Update: Edited title to focus on the main problem. See my answer for full update.
In the following code, a()
and b()
are identical. Each of them counts from 0 to 9 concurrently while acquiring and yielding a lock every 2 counts.
import asyncio
lock = asyncio.Lock()
def a ():
yield from lock.acquire()
for i in range(10):
print('a: ' + str(i))
if i % 2 == 0:
lock.release()
yield from lock.acquire()
lock.release()
def b ():
yield from lock.acquire()
for i in range(10):
print('b: ' + str(i))
if i % 2 == 0:
lock.release()
yield from lock.acquire()
lock.release()
asyncio.get_event_loop().run_until_complete(asyncio.gather(a(), b()))
print('done')
I expected interleaved output, but instead I get:
b: 0
b: 1
b: 2
b: 3
b: 4
b: 5
b: 6
b: 7
b: 8
b: 9
a: 0
a: 1
a: 2
a: 3
a: 4
a: 5
a: 6
a: 7
a: 8
a: 9
done
It seems that the second yield
does not actually yield but instead reacquires the lock immediately and continues.
That seems like a bug to me.
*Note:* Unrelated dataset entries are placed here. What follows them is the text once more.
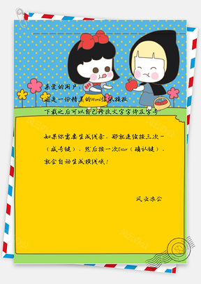 信纸文艺风小清新手绘可爱女孩背景Word模板
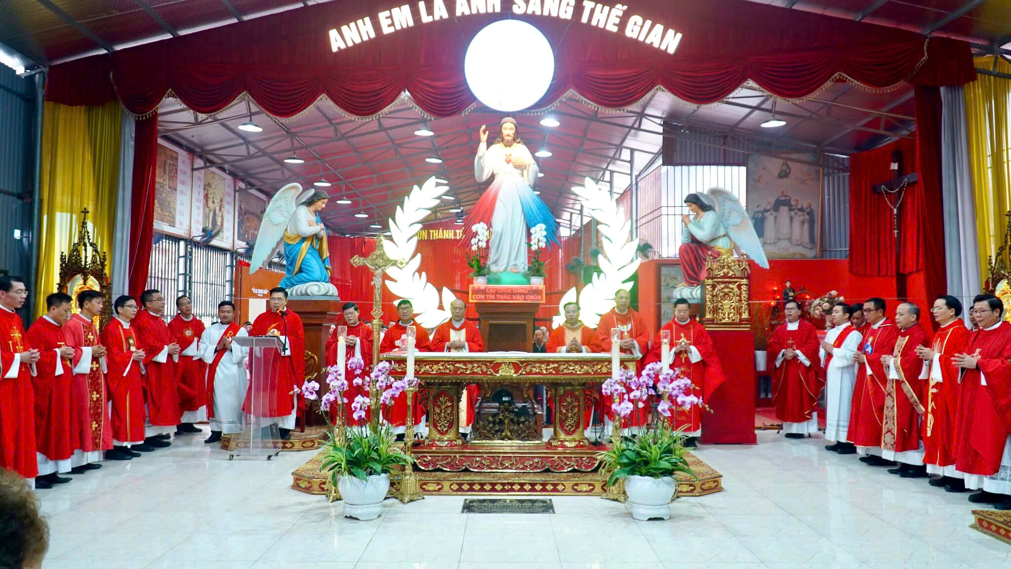 Hiện diện và đồng hành với cộng đoàn có Cha Tổng Đại diện, Cha Giám đốc Đền Thánh, quý Cha trong Giáo hạt, quý Tu sĩ nam nữ, các chú ứng sinh… Tất cả cùng hiệp lòng dâng lên Chúa lời kinh trong giờ lần chuỗi Lòng Chúa Thương Xót, cách riêng cầu nguyện cho Giáo phận và chương trình tái thiết Đền Thánh.
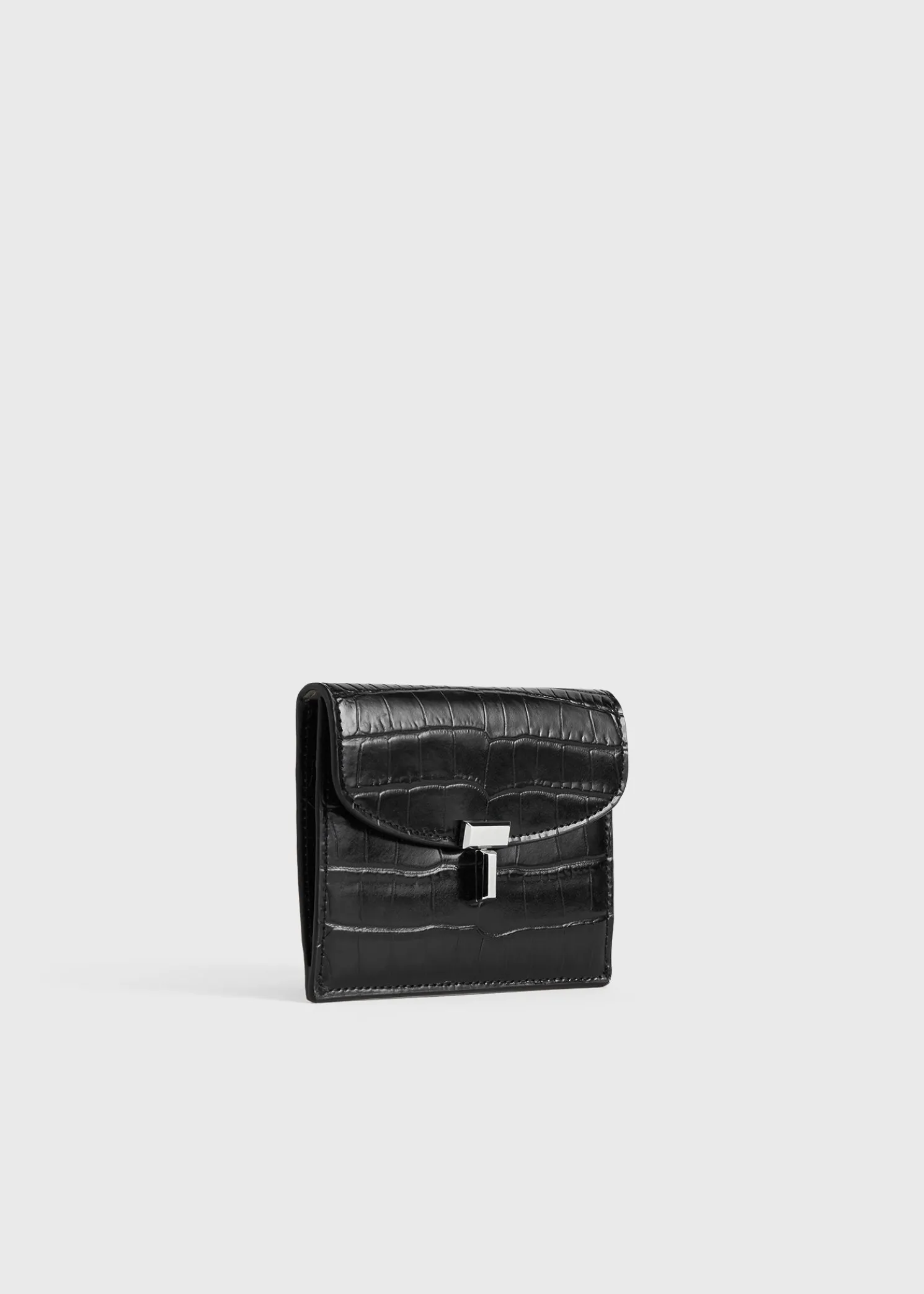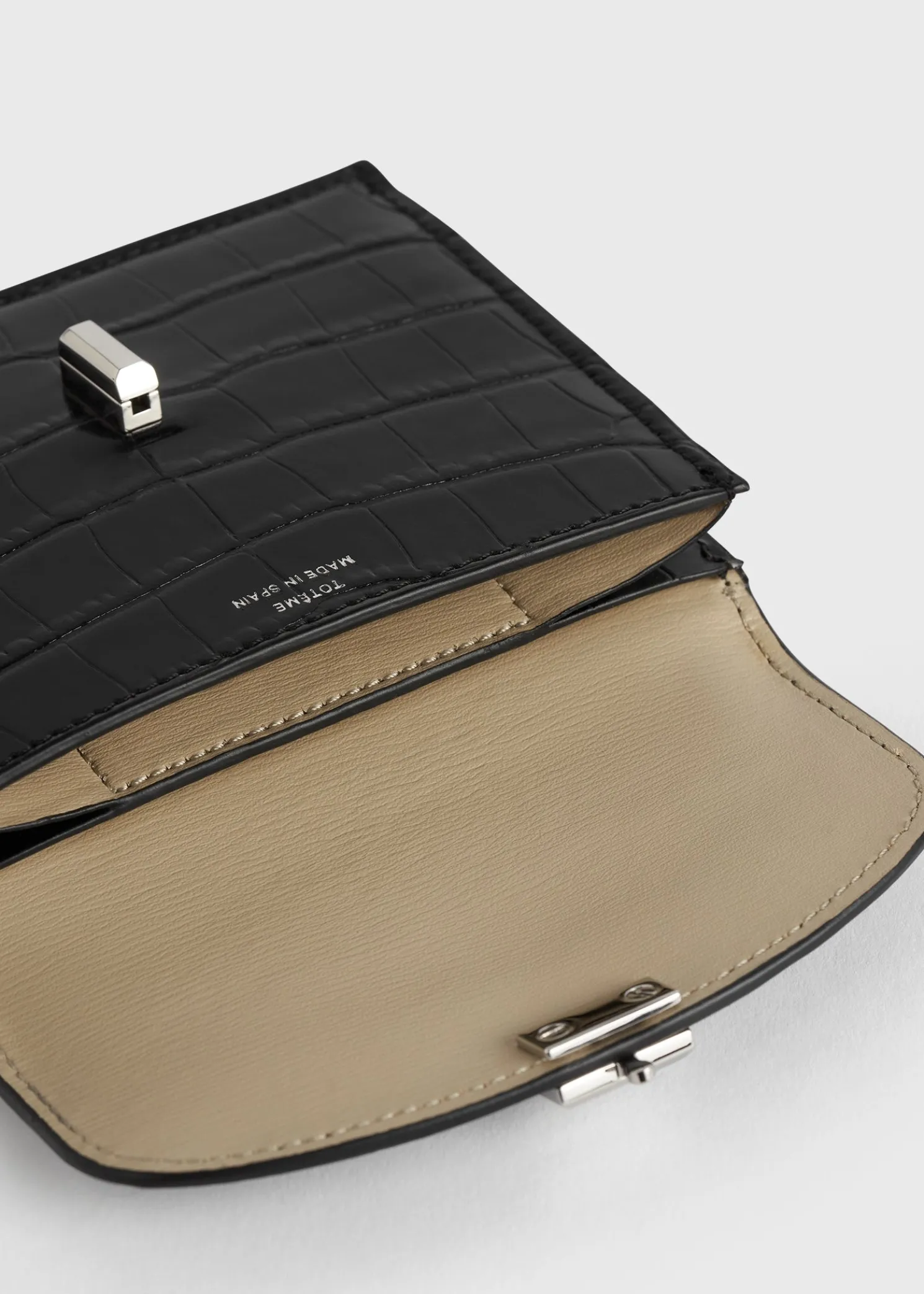 TOTEME’s T-Lock family is expanding into small leather goods, including this elegant cardholder. It is crafted from croco-embossed leather set with a metal clasp and fitted with multiple card slots.

Am I right? or is there another explanation?
The following code, modified with an extra initial "noop" yield
, works fine as expected. That makes me believe that the lock is indeed fair and probably correct.
import asyncio
lock = asyncio.Lock()
def a ():
yield from lock.acquire()
yield from asyncio.sleep(0)
for i in range(10):
print('a: ' + str(i))
if i % 2 == 0:
lock.release()
yield from lock.acquire()
lock.release()
def b ():
yield from lock.acquire()
yield from asyncio.sleep(0)
for i in range(10):
print('b: ' + str(i))
if i % 2 == 0:
lock.release()
yield from lock.acquire()
lock.release()
asyncio.get_event_loop().run_until_complete(asyncio.gather(a(), b()))
print('done')
Output:
a: 0
b: 0
a: 1
a: 2
b: 1
b: 2
a: 3
a: 4
b: 3
b: 4
a: 5
a: 6
b: 5
b: 6
a: 7
a: 8
b: 7
b: 8
a: 9
b: 9
done
Note that I am doing the no-op yield just once at the beginning, and not every 2 counts. Yet doing so causes the interleaving every 2 counts as expected in the first piece of code.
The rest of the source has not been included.